Wow I have been there before. When it was owned by a friend of mine who sold to Carter. Great place and nice lodge. I wasnt a hunter just along for the ride. Plenty of nice animals. Great bull you have here too.


----------



## t.ccarter

George-

It was truly a pleasure to have you out, and to be able to harvest that beautiful bull. I appreciate the kind words and look forward to catching up when I get back to Texas. Please feel free to contact me anytime with anything at all, if you need anything or just to catch up on some campfire stories. 

A warm hello from all the staff and I. Rickey sends a special hello and thanks again for being a great hunter and riding buddy.

Hope to see you soon, thanks again for your service to our country.

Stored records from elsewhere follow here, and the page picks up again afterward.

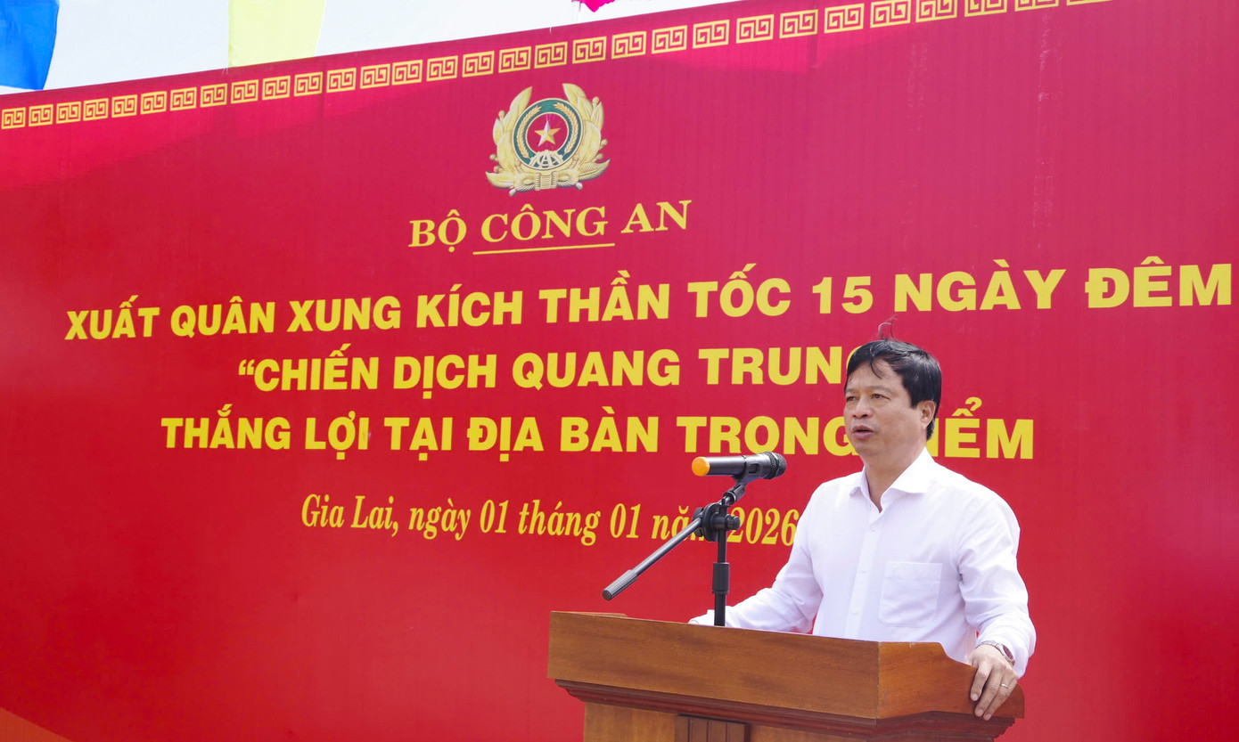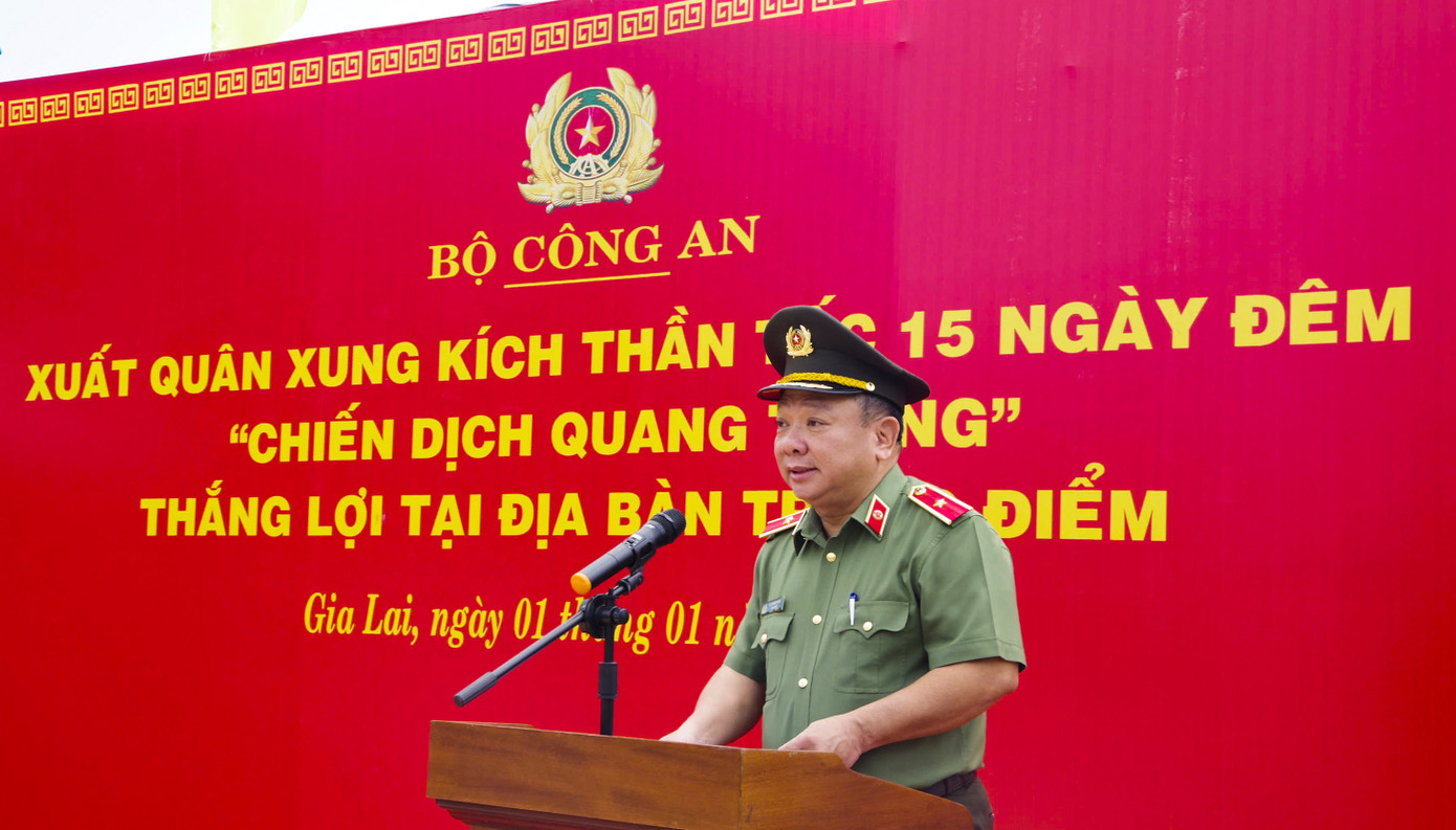 Phó Chủ tịch Thường trực UBND tỉnh Gia Lai Nguyễn Tuấn Thanh cũng trân trọng cảm ơn sự quan tâm của Chính phủ, sự phối hợp, hỗ trợ thiết thực của Bộ Công an và cam kết đưa chiến dịch đạt kết quả cao nhất.
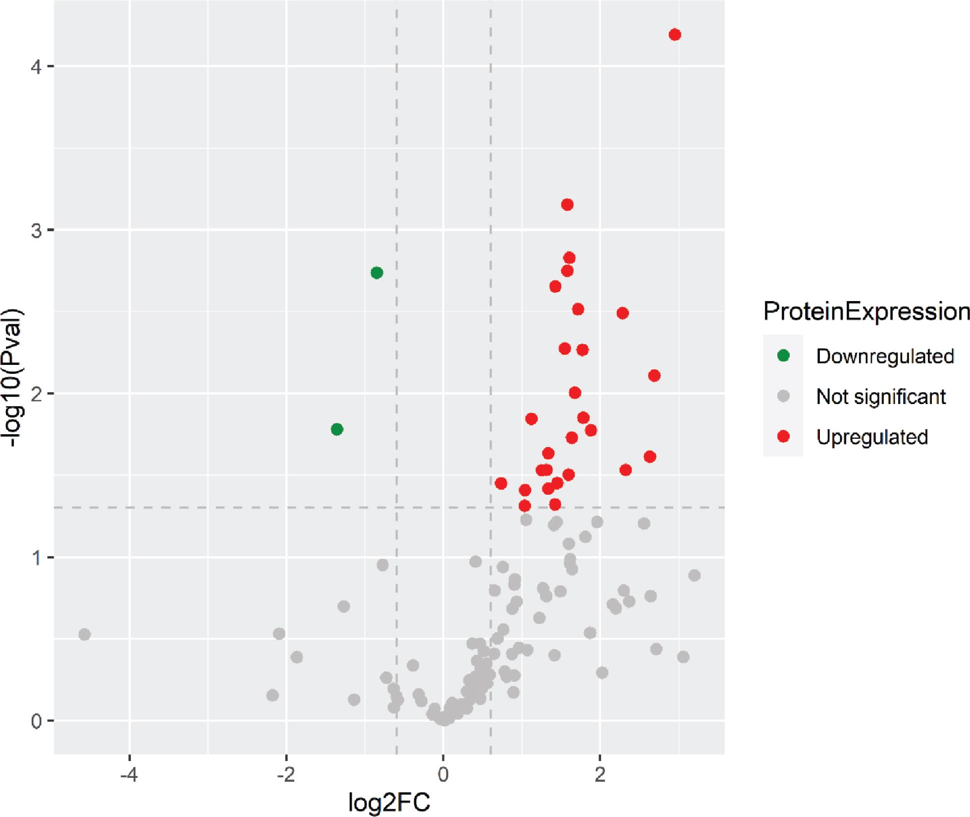 A total of 348 urinary proteins were identified by LC-MS/MS in both NC and VC participants. In the NC group, 28 urinary protein excretion rates were significantly different between the two groups: including 26 proteins up-regulated and 2 proteins down-regulated (Table 2 and Figure 1).
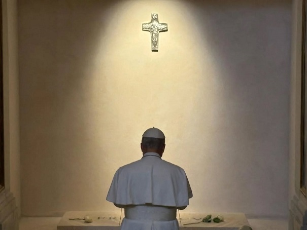 Két pápa – az egyik a földön térdelve, a másik az égből letekintve – találkozott ebben az egyszerű, teljesen fehér térben. Erős kép.
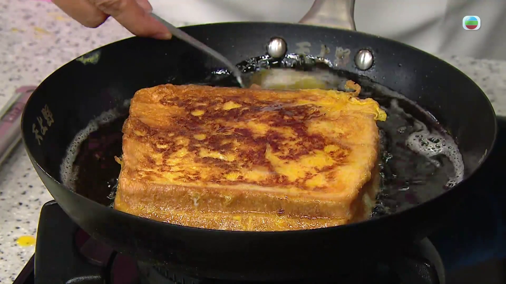 之後在平底鑊裡燒熱六湯匙油,把麵包下鍋以中慢火半煎炸,炸至一面金黃後翻面,之後可以用熱油澆在表面上來使表面燒的更好看。
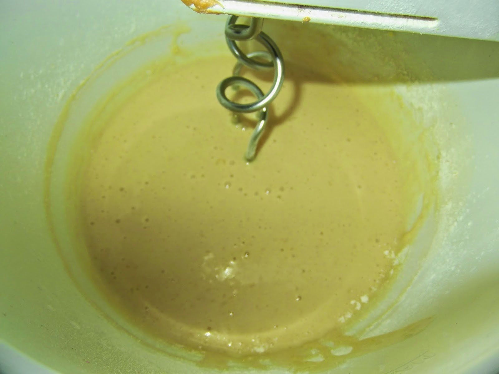 Ponemos a batir el huevo con la sal, el azúcar normal y el avainillado, echamos la mantequilla derretida y la leche. Cuando tenemos esto bien batido le añadimos tamizada la harina de repostería y la levadura y continuamos batiendo hasta que veamos una masa sin ningún grumo.
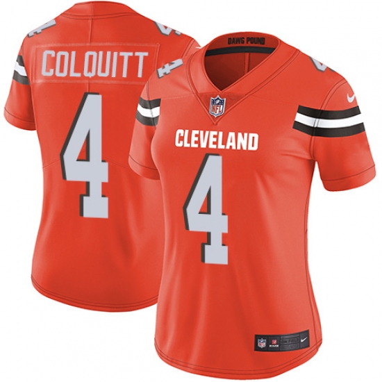 Home>NFL>Cleveland Browns>Britton Colquitt>Women's Nike Cleveland Browns #4 Britton Colquitt Orange Alternate Vapor Untouchable Limited Player NFL Jersey
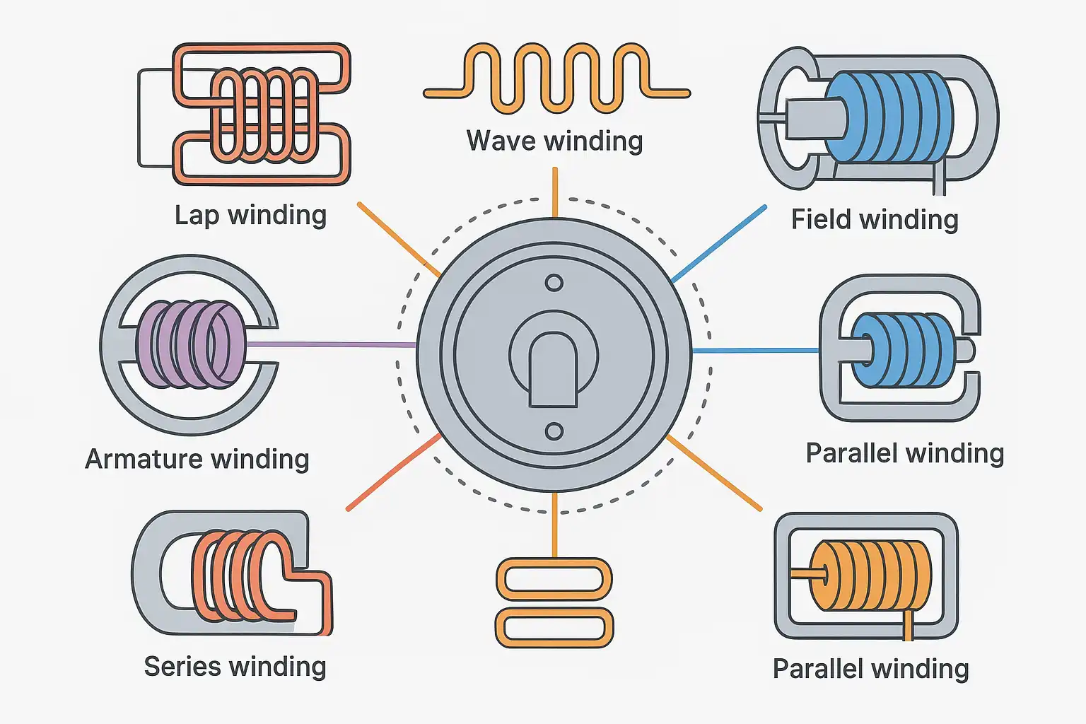 هر یک از این واژگان، به نوع خاص یا محل خاص سیم‌پیچی در ساختار موتور اشاره دارد. به‌عنوان مثال، Lap Winding در موتورهای جریان مستقیم با توان پایین‌تر استفاده می‌شود؛ درحالی‌که Wave Winding معمولاً در موتورهای توان بالاتر کاربرد دارد.
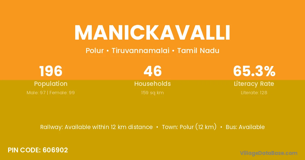 Polur (12 km) is the nearest town to Manickavalli village for major economic activities and is located approximately 12 km away.
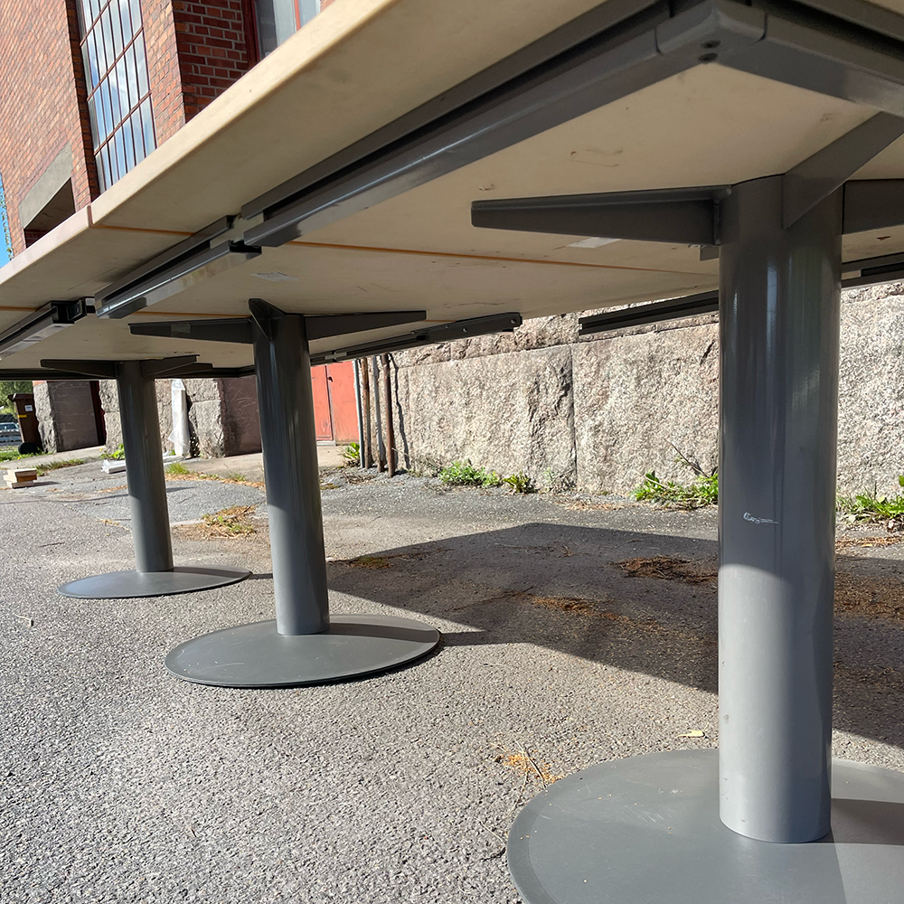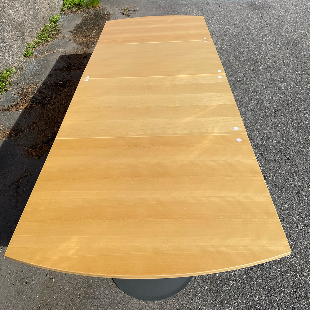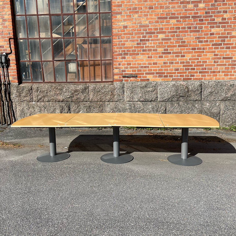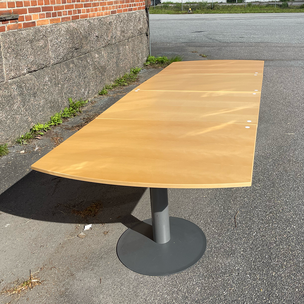 Stort och rymligt konferensbord i björk från Kinnarps. Kommer i fyra separat delar och med tre pelare i en snygg mörkgrå färg.
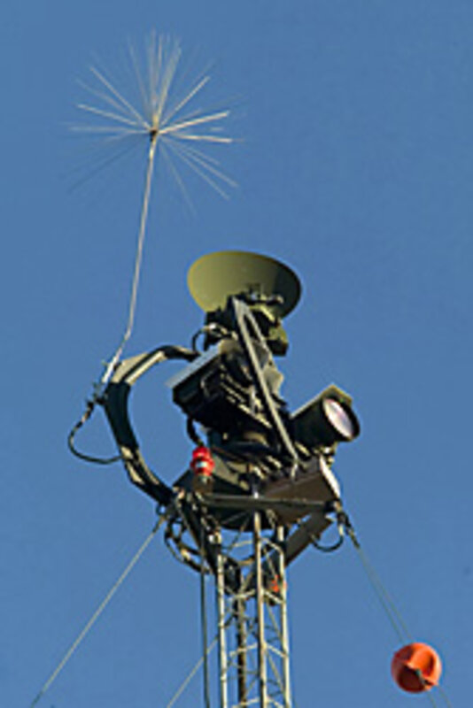 At the top of the tower, a rotating radar dish detects moving figures on the border and radios the coordinates to an integrated camera. The camera then focuses in on the targets.
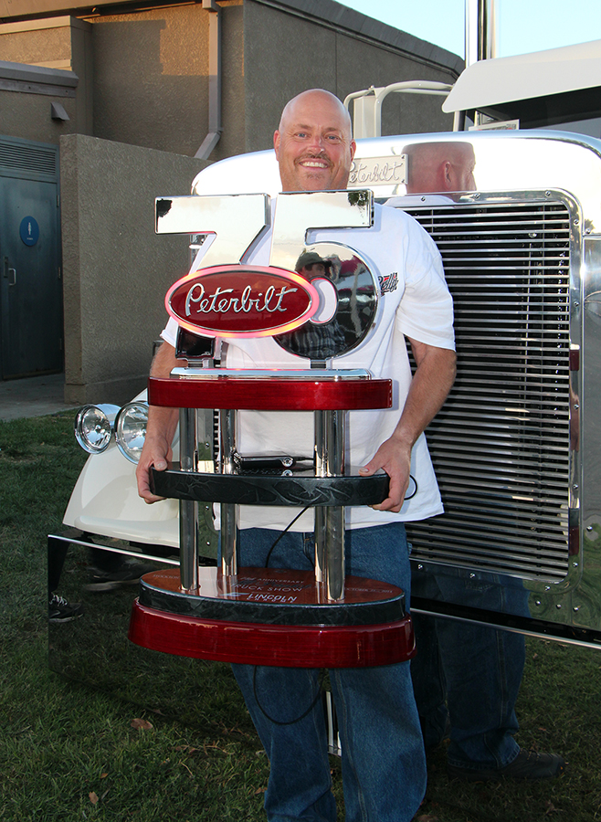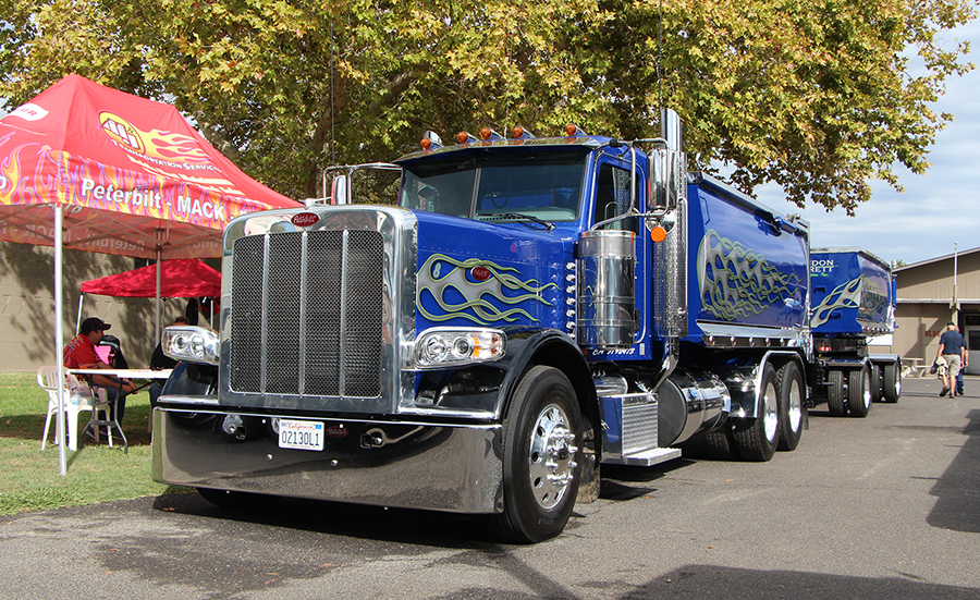 With plenty of trucks to see and things to do, the one-day show, which had about 5,000 spectators, went by quickly. Peterbilt brought out a special anniversary display trailer, pulled by an Anniversary Edition Model 579 (like the one next to our booth). Filled with all sorts of displays, historic artifacts and interactive kiosks, this “rolling Peterbilt museum” was a big hit. There was also an auction, live music, and a Peterbilt Employee Reunion (this fun get-together included past and present engineers and employees from all four of Peterbilt’s production plants). They also raffled-off a 1976 Peterbilt 359 Ext. Hood, with all the proceeds, raised throughout the year at various events, going to help fund breast cancer research. The lucky winner of the truck, C. Marshall of Livermore, Calif., was not present, but he was excited when they called him on the phone from the stage.

People like you make this country what it is today.

-Travis Carter
Cotton Mesa Ranch


----------



## chad

Nice Elk.


----------



## State_Vet

t.ccarter said:


> George-
> 
> It was truly a pleasure to have you out, and to be able to harvest that beautiful bull. I appreciate the kind words and look forward to catching up when I get back to Texas. Please feel free to contact me anytime with anything at all, if you need anything or just to catch up on some campfire stories.
> 
> A warm hello from all the staff and I. Rickey sends a special hello and thanks again for being a great hunter and riding buddy.
> 
> Hope to see you soon, thanks again for your service to our country. People like you make this country what it is today.
> 
> -Travis Carter
> Cotton Mesa Ranch


Thanks Travis,
if anybody wants to experience a first-class operation go see these folks! Everything from the accommodations, food, to the staff is just outstanding, I can't say enough good things about my experience at Cotton Mesa Ranch. I was a little skeptical about being able to hunt elk with my lack of mobility, but I had a discussion with Travis prior to arriving at the ranch, so my guide Rickey didn't seem to have any trouble with accommodating me. This was one of the best hunting experiences that I've ever had. I can't forget to mention the awesome views you get from riding around the ranch. Thanks again Travis!


----------



## Rack Ranch

Congrats, George...


----------



## Trouthunter

Dang George that's a great Elk...I must have missed the text. 

TH


----------



## State_Vet

Trouthunter said:


> Dang George that's a great Elk...I must have missed the text.
> 
> TH


you didn't


----------